QUESTION: You were just about to visit the Middle East...


ROTH: Now, Secretary Powell also met with the permanent members of the U.N. Security Council -- the four others besides the United States. And it is inside that group -- the big five that sit on the Council: China, Russia, Great Britain, France -- that the problems regarding Iraq policy have existed now for years. There's been a split, with France normally siding with Russia and China, and the dispute really centers on sanctions. All of them say that they want the Security Council resolutions to be administered and lived up to by the Baghdad government, but nations such as China and Russia say the people of Iraq are being hurt by the sanctions that have been imposed for the last 10 years. That's where the split has been.

One diplomat said, we're waiting for new Bush administration to outline a policy, but the sense from diplomats is we can't expect the cooperation of the Iraqi government without clarifications -- what is the strategy? British Ambassador Sir Jeremy Greenstock, after meeting with Colin Powell, said we're all agreement on many aspects, but how do we get there? That is the question.

That's it for the moment in New York. Back to you, Natalie and Lou.

ALLEN: So the word on how to resolve the split, then, Richard has just been an ongoing process?

ROTH: Well that -- it's been there, and it's been there for five or six years and the sanctions are crumbling. Over the last few months and years, various nations are flying in; passenger jets, cargo, possibly unchecked, passenger list uncertain. And earlier in the '90s the Sanctions Committee of the Security Council would have to approve every flight.

Little by little, Iraq has may inroads in the so-called coalition against Baghdad. These talks that are supposed to be held on the 26th and 27th of February gave some diplomats some hope that perhaps there might be something new, but a lot of other diplomats at the U.N. were saying, this is nothing new, we'd be very skeptical.

I talked to Hans Blix, the leader of the weapons inspectors who are not in Baghdad or Iraq now. He says he's ready to go, if asked to go in, but the Iraqi government has not given approval yet. He's got about 120 new inspectors that have been trained, and a lot of other training is still going on. He says it might be a bit of an improvised mission to go in right now, but he expects they'd have time to get up to speed.

The agency formerly known as UNSCOM has changed its initials; the problems with Iraq still exist -- Natalie.

ALLEN: Richard Roth at the U.N., thanks Richard.

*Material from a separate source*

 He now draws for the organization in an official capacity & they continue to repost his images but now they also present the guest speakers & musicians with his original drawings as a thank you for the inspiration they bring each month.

We want to remind our viewers that we're expecting to hear from the Pentagon in just about seven minutes now to give us the details about this U.S. and British attack there on the south of Baghdad. It's about 10:30 at night there in Baghdad; it happened just a little over an hour ago.

Now to Lou.

WATERS: And we also are going to check in now with the State Department, where one of our CNN producers there, Elise Labott, has some information to spread on this story of air strikes against command, control and communications facilities south of Baghdad by warplanes of the United States and British government.

Elise, what do you got?

ELISE LABOTT, CNN STATE DEPARTMENT PRODUCER: Lou, State Department officials are currently meeting with members of the Iraqi opposition, the Iraqi National Congress including the most recognizable figure in the opposition, INC leader Ahmed Chalabi. According to an aide to Chalabi, he got a call this morning from Assistant Secretary of State for Near-East Affairs Edward Walker, who asked him to come into the State Department as soon as possible. He didn't say a reason for the meeting.

Now, the INC met this week with members of the Iraqi opposition on Tuesday to discuss their plans for operating inside Iraq. They were told further discussions were needed before the U.S. could sign off on $29 million of aid promised to them. They're still waiting for some aid from last year and another $25 million from this year.

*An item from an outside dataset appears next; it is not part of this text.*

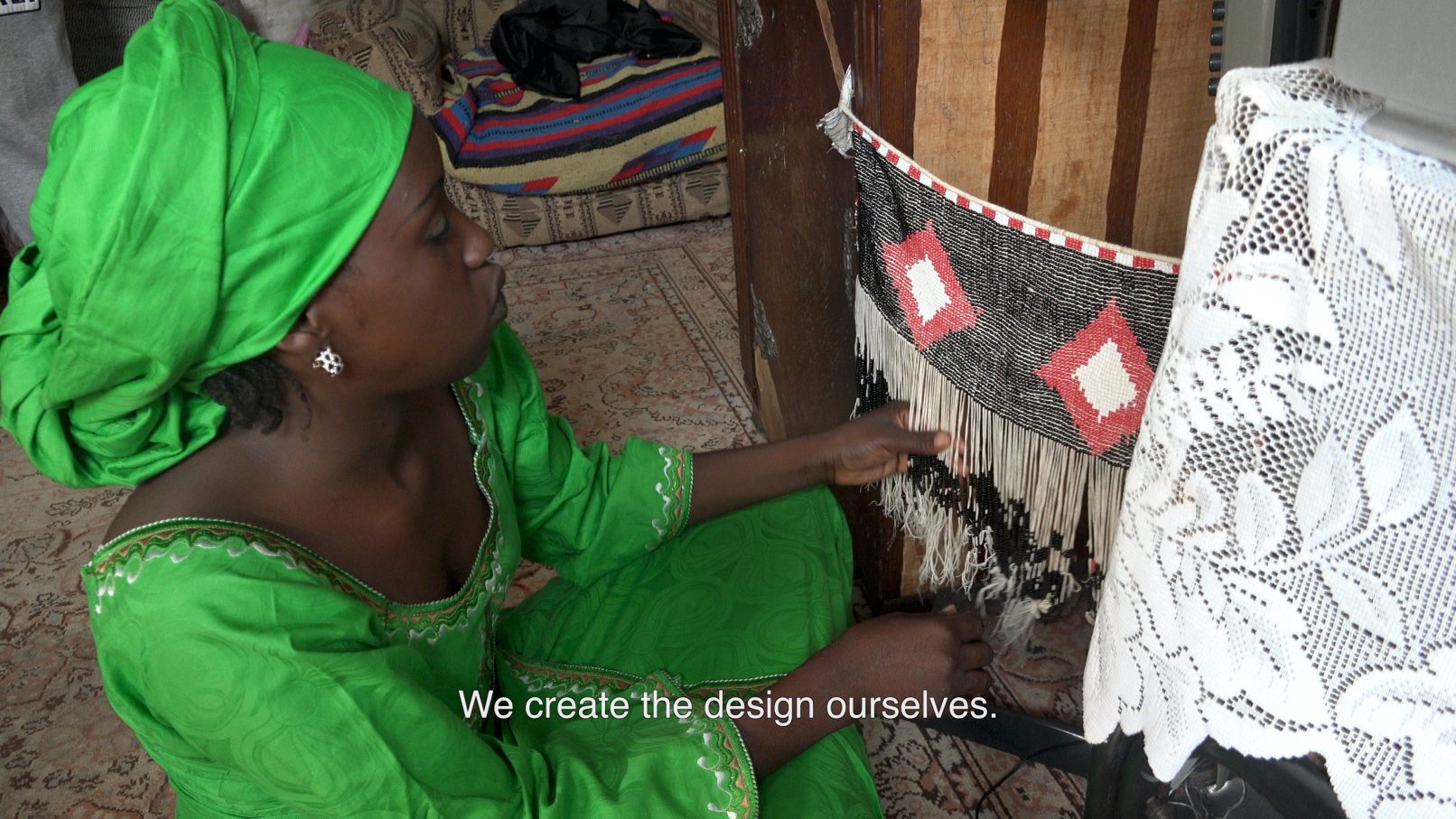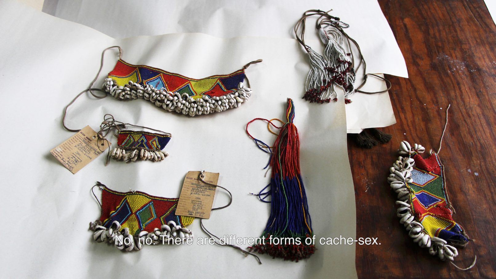 Antje Majewski’s video interview with the modern-day Yaoundé artisans responsible for producing cache-sexe shows that the making of the cache-sexe itself has evolved from the production of a traditional item of clothing to an art-form marketed towards mostly European and American collectors, who purchase the cache-sexe “to hang them on the wall just like paintings”. Traditional designs have given way to a multitude of colors and forms, because the collectors value inventive designs. Meanwhile, the village itself had been obligated to “remake the tradition” – to weave new cache-sexes for the occasions of traditional dance, because all the originals had been sold.

INC officials tell CNN they're frustrated with the hold-up of the money, which is hampering its plans to start broadcasting inside the country, collecting intelligence on Saddam Hussein and his military, investigating war crimes against Saddam and distributing humanitarian aid. INC officials tell CNN they're in daily contact with the Bush administration at the State Department and at the Pentagon.

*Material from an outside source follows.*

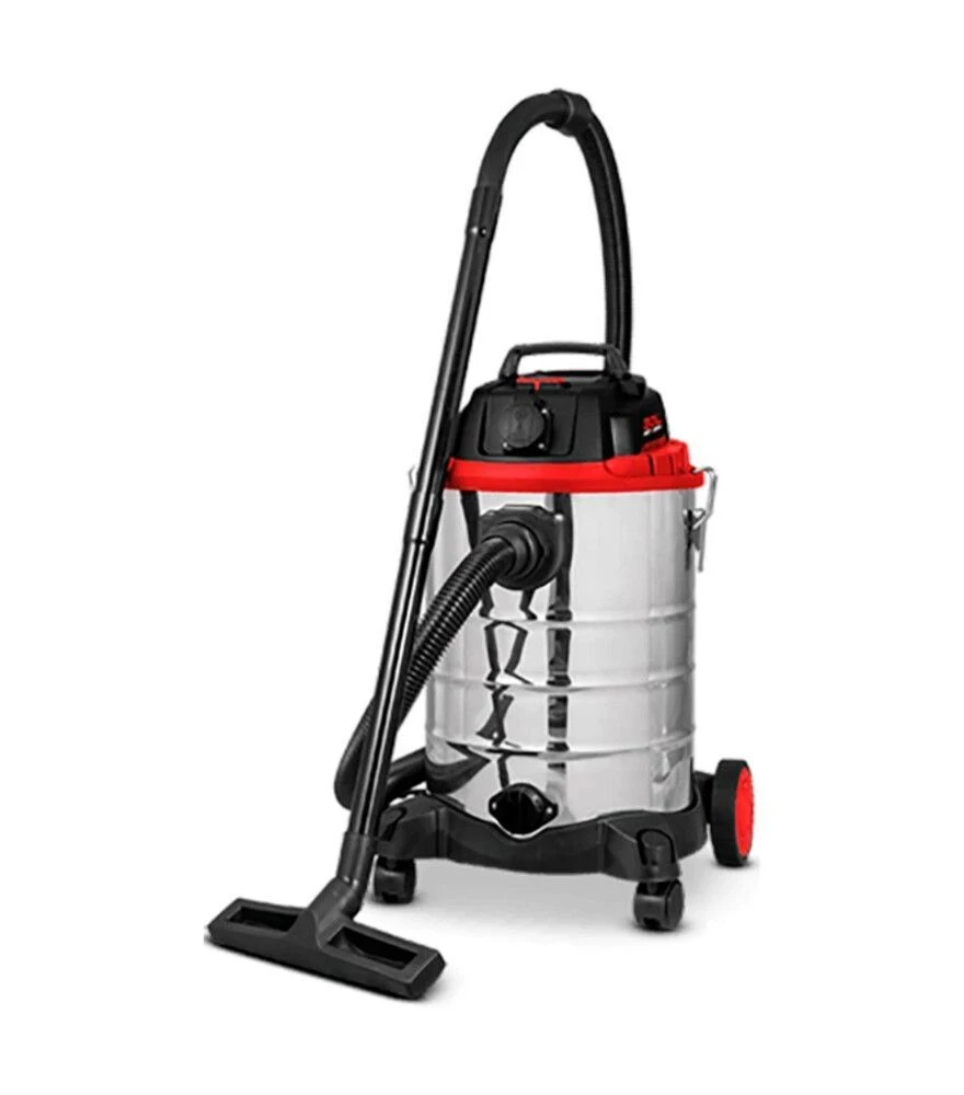 Потужність двигуна - 1400 Вт. Тип - мережевий; живлення 220–230 В. Призначений для сухого та вологого прибирання. Є в комплекті шланг, патрубки, прямокутна щітка, щілинна насадка. Обʼєм контейнера - 30 літрів. Прилад підходить для прибирання пилу, тирси, сміття, дрібного сміття або води/вологи, після ремонтів, пиляння, шліфування, при роботі у майстерні або гаражі.
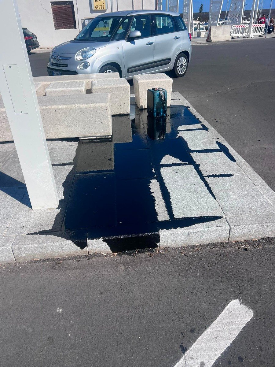 Da questa mattina una tanica metallica, apparentemente danneggiata, è rimasta incustodita sul pavimento del porto vecchio di Crotone, da cui si è riversato un liquido nero e denso che ha invaso il nuovo basolato dell’area. La segnalazione è arrivata da un cittadino, Benito Greco, che ha documentato la situazione con alcune foto, evidenziando come la chiazza si sia estesa fino al bordo della carreggiata.

It's worth noting that the INC has been pressing for a review of U.S. military engagement policy with Iraq. They've been looking for the U.S. to consider striking inside the no-fly zones, as well as more military training for members of the opposition in an effort to encourage members of Saddam Hussein's army to join on.

The Clinton administration had been very reluctant to do that, and it's unclear at this point how seriously the Bush administration is going to treat the opposition. But the INC says they're very encouraged by the new administration, which has already suggested it's ready to take a harder line with Saddam Hussein, and that it's interested in working closely with the INC.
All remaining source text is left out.